How USCIS should be funded remains a divisive issue. Fee increase proponents, who favor greater agency cost recovery, contend that U.S. immigration services are a "good deal" by world standards. They also feel that the cost of processing immigrant applications should not be borne by taxpayers, particularly during an economic downturn. Fee increase opponents, who favor more focused cost recovery, are concerned about detrimental impacts of fee increases on lower-income families, and further believe that the push to make the agency entirely fee-reliant in past years has increased the application backlog and promoted backlog definition changes. Concerns of fee increase proponents and opponents have acquired heightened significance with proposed comprehensive immigration reform.

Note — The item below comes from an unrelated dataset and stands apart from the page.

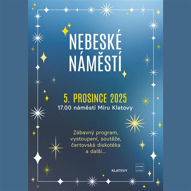 V pátek 5. prosince od 17.00 hodin začíná na klatovském náměstí akce pod názvem Nebeské náměstí aneb…… Těšit se můžete na tanec, divadlo, diskotéku 💫🕺💃 a samozřejmě chybět nebudou čerti s Mikulášem 😈👼.
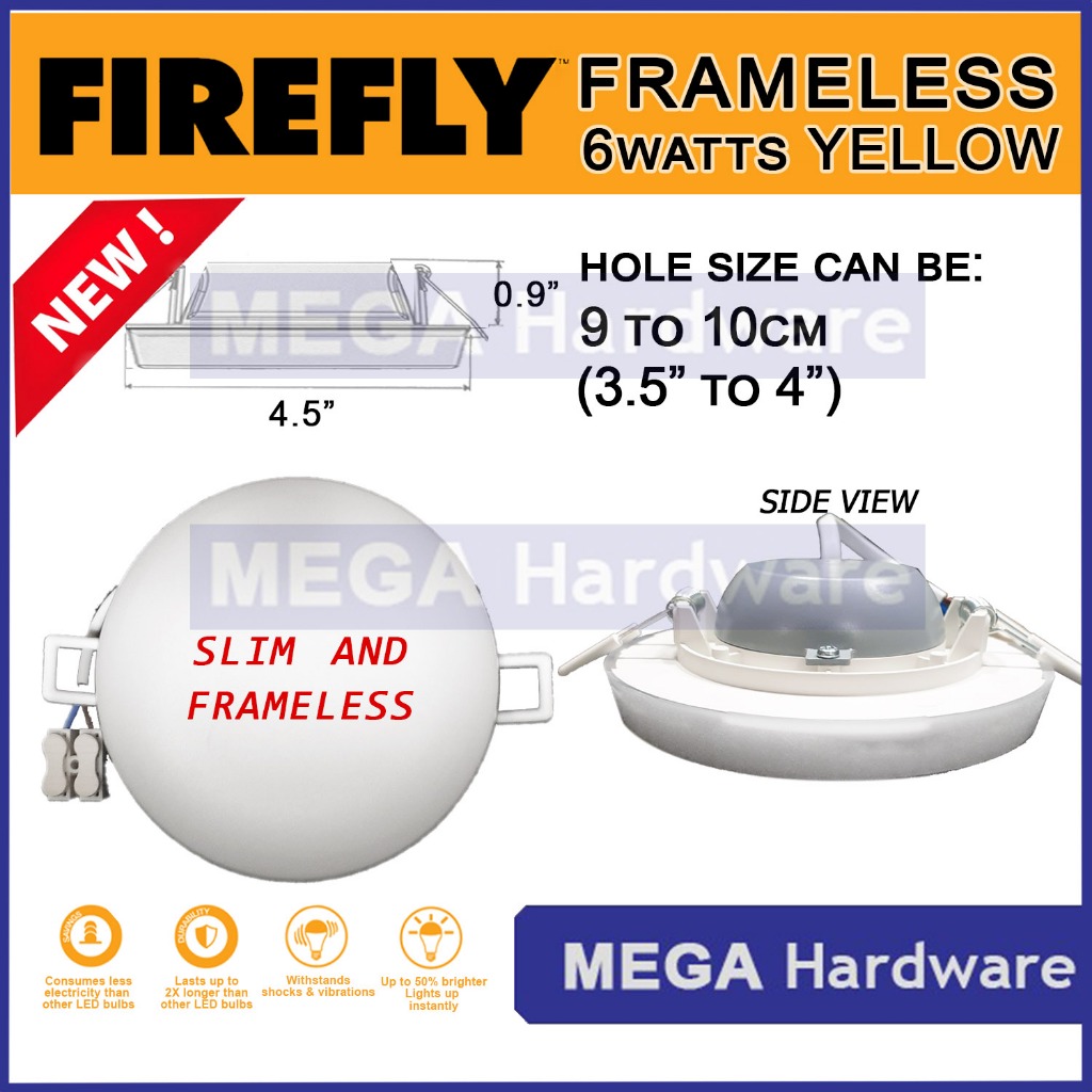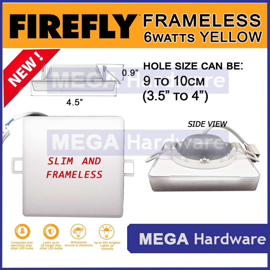 Firefly LED FRAMELESS Downlight 6W 9W Watts DAYLIGHT or WARM WHITE (SLIM BACKING)

USCIS obtains over 80% of its funding from fee revenue. After consistently declining from FY2003 to FY2008, the portion of USCIS' budget from appropriations increased consistently for fiscal years 2009, 2010, and 2011. In its FY2011 budget, the agency has requested additional funds to defray the cost of military naturalizations and refugee and asylee applications, thereby shifting this cost from immigration service applicants to U.S. taxpayers. Although the agency has been appropriated several hundred million dollars in the past decade, these appropriations have largely been directed toward specific projects, such as the backlog reduction initiative. Consequently, USCIS fee revenue must cover overhead and adjudication costs for the agency to operate efficiently.

Issues for Congress to consider might include how USCIS fees have been computed and justified; whether anticipated revenue from revised fees will cover agency costs; how fiscal shortfalls might be funded; and what impact higher fees might have on the applicant pool. This report will be updated this year after public comments to the proposed fee schedule are published.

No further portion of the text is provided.